Island group in Greenland

Outer Kitsissut (Kitsissut Avalliit; Ydre Kitsissut, old spelling Ydre Kitsigsut), also known as Thorstein Islands or Torstein Islands, is an island group in the Kujalleq municipality in southern Greenland. Outer Kitsissut is an important ecological area, primarily for its position as a breeding ground for seabirds, and is classified as a Ramsar site. Closest major settlements include Arsuk, Qassimiut and Qaqortoq.

==Geography==
Outer Kitsissut is located 9.5 km to the west-north-west of Cape Desolation 5 km from the shore. It is a compact cluster of small islets and rocks, with a length of 10 km and a width of 5 km. The highest and largest islet is Thorstein Island in the centre of the group, having a maximum length of about 0.7 km with a maximum height of 116 m.

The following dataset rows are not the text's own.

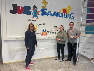Vergangene Woche trafen sich 14 Jugendliche im Jugendzentrum Saarburg, um dort gemeinsam eine Wand mit bunten Motiven und demokratischen Botschaften zu gestalten.Aufgrund der laufenden Baumaßnahme im „Offenem Treff“ des Jugendzentrums dient derzeit der ehemalige Besprechungsraum als neuer Treffpunkt für die Jugendlichen. Dieser Raum wurde im Rahmen eines Wandgestaltungsprojekts in den Osterferien durch die Jugendlichen unter der fachlichen Begleitung von Jugendzentrumsleiter Dominic Krämer, Verbandsgemeindejugendpflegerin Annika Valentin und Jugendforumsleiter Robin Schmitt bunter und ansprechender gestaltet. Der Bauhof der Verbandsgemeinde hatte dem Jungendzentrum hierzu ein Gerüst zur Verfügung gestellt.
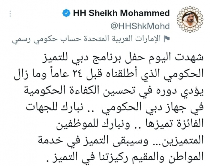 وكشف في تغريدة على حسابه بموقع التدوين المصغر تويتر، اليوم أني: "شهدت اليوم حفل برنامج دبي للتميز الحكومي الذي أطلقناه قبل 24 عاماً وما زال يؤدي دوره في تحسين الكفاءة الحكومية في جهاز دبي الحكومي".
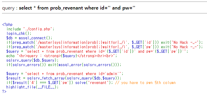 이번에도 mssql 환경이다. 필터링은 이전 문제와 비슷한 것 같다. Error 처리하는 부분이 있어서 이번 문제도 Error Based SQL Injection 일 수도 있겠다. 마지막 solve 부분에 다음과 같은 주석이 달려있다.

The Inner Kitsissut group lies 4 km to the northeast of the northern end of the cluster at the mouth of the Coppermine Bay.

== Ecology ==
The Kitsissut archipelago is known as the only breeding reserve for birds of southern Greenland. As of 1992, major breeding species include the northern fulmar (Fulmarus glacialis), razorbill (Alca torda), black-legged kittiwake (Rissa tridactyla), and Atlantic puffin (Fratercula arctica), together with various Larus, Uria and Somateria species. However, significant decline has been reported from several birds in the 1992 report based on previous reports of the 70s, largely due to a prolonged cold climate during the 1991/92 winter, including habitat disturbances from egg harvesting. A preliminary study from 2009 till 2011 reported further significant population decline from egg harvesting, although some species with more inaccessible nests are less prone to decline.